The Phase IIb data allows me to go to payers and establish the means and the ability to make a strong pharmacoeconomic profile, that this is a product that should be paid for, reimbursed, and should be used, quite extensively in patient groups. When we get approval, we'll do what we normally do, the blocking and tackling that we've been so successful for with MIGS. We'll need to go out and establish a professional fee by going to MACs and crosswalking the procedure over to a like Category I device to establish a professional fee payment code. It'll be assigned an APC. We'll see if we like that or not, and want to see if we want to move up to an additional APC.
That's kind of gravy because we'll be looking for a J-code, and a J-code through the HCPCS process typically happens with these drugs. They'll meet on a quarterly basis. We'll establish a J-code. We'll initially have a miscellaneous J-code, and then within six months, we believe we'll have a verifiable long-standing J-code to carry us forward. Think about that from the payer standpoint. That's carved out, so the physician now will get a professional fee. The ASC in which he or she operates will get the full value of whatever's prescribed by CMS for the assigned product code, and we'll get full payment for the device itself. Make no mistake, surgeons that use the device, depending upon how we price, will receive a fee in excess of the device itself, which is based on average wholesale price.

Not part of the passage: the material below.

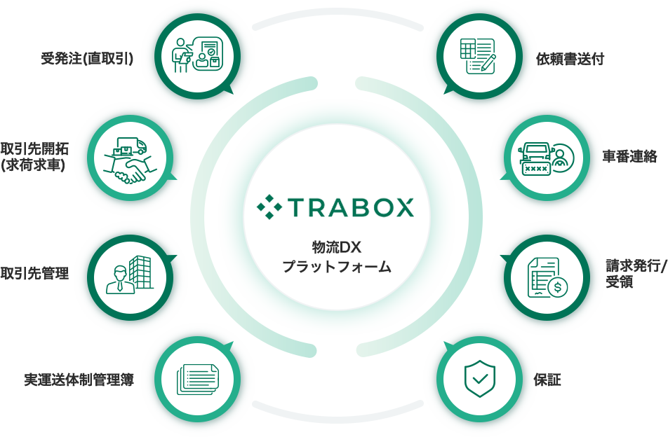 ■トラボックスでできること:本リリースにより、取引先管理から依頼書送付、車番返信、請求書発行まで一元管理が可能に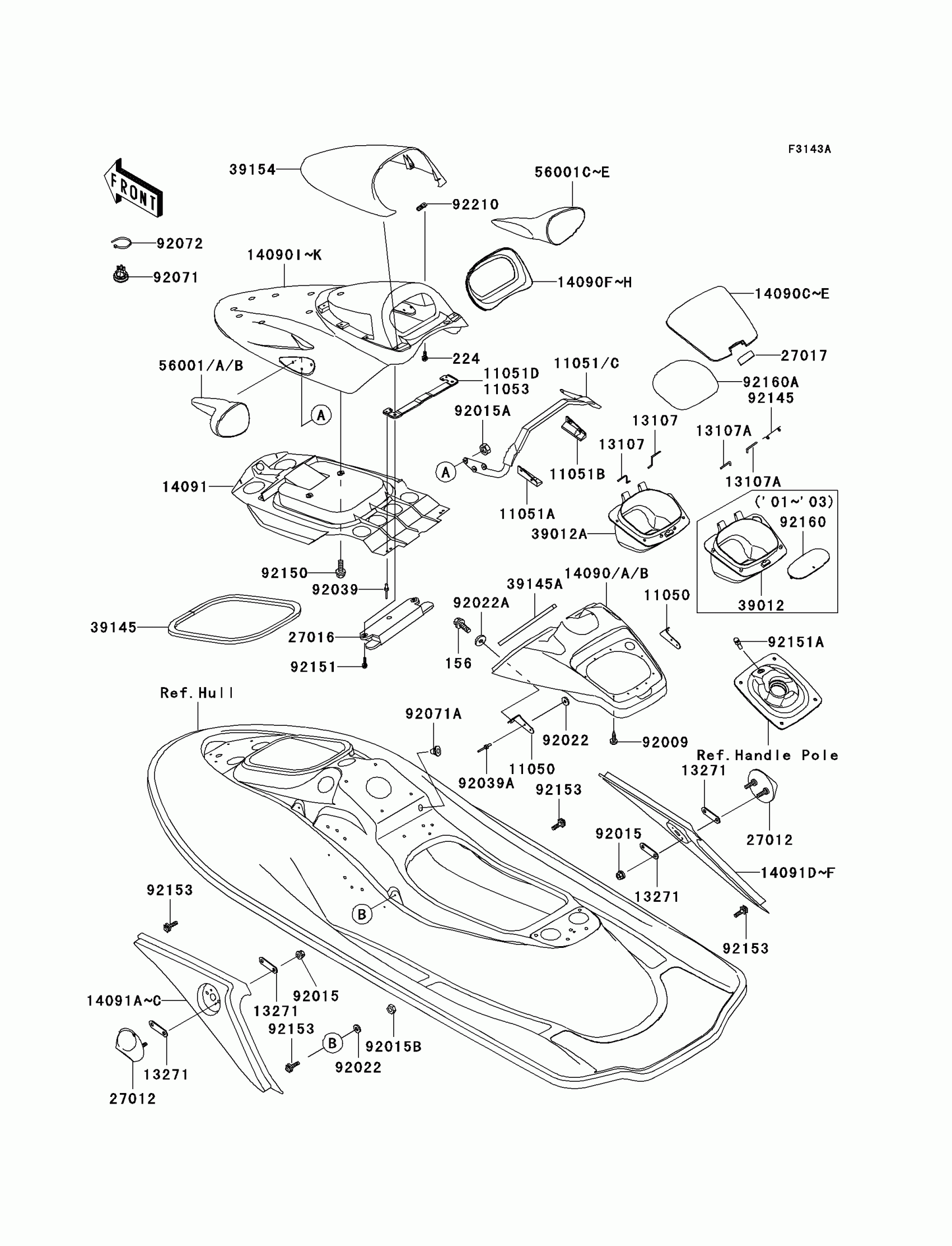 Kawasaki Ultra 130 Hull Covers Diagram

They get a sequestration rate fee for having to find reimbursement themselves. Because of that, they typically will see somewhere in the range of 4%-5% on top of AWP for being able to buy and build this device. A lot of tailwinds for surgeons to use this as an appropriate therapy in the treatment of glaucoma.
Got it. Then, you know, since we have Alex on the panel, I'll throw in a financial question.
Awesome.
I think, you know, one of the standouts of Glaukos relative to, you know, other spin caps in med tech is that the gross margin has always been incredibly healthy, right? 80%+. That's something that you've been able to maintain even as you've launched this, you know, new cadence of new products. You know, with iDose coming onto the scene, with all of these new products coming onto the scene, how well can you really sustain that 80%+? Then when we think about just your margin profile in general, there's clearly a lot to invest into. Is there a point, you know, in the next four to five years where we will hear you say, "Hey, you know, we've got all the products...
Not all the products we want, but a healthy portfolio of products, and now, you know, we want to focus on profitability?
Yes. No, I have a few seconds here. Let me just say this. First of all, I think it's important for everyone to know that in the current macro environment, Glaukos as well as a lot of other companies are gonna be very focused on, you know, monitoring their cash, investing prudently in the business. As you've heard Tom present and Joe talk about today, we have a lot in our pipeline that we will prudently invest in 2023. We do anticipate to continue to maintain those same margins that we've historically experienced. We don't see anything changing in the near term. We'll continue to enjoy those, and we're proud of those margins.
Lastly, to your question, just to end up, absolutely, once we get on the other side of iDose, that's our expectation, is to start to look at how we leverage the model and how do we get it into that cash flow positive type of situation that all investors are looking for.
Okay. Well, thank you everyone. You know, we'll end it there.
Thank you for joining us tonight, guys.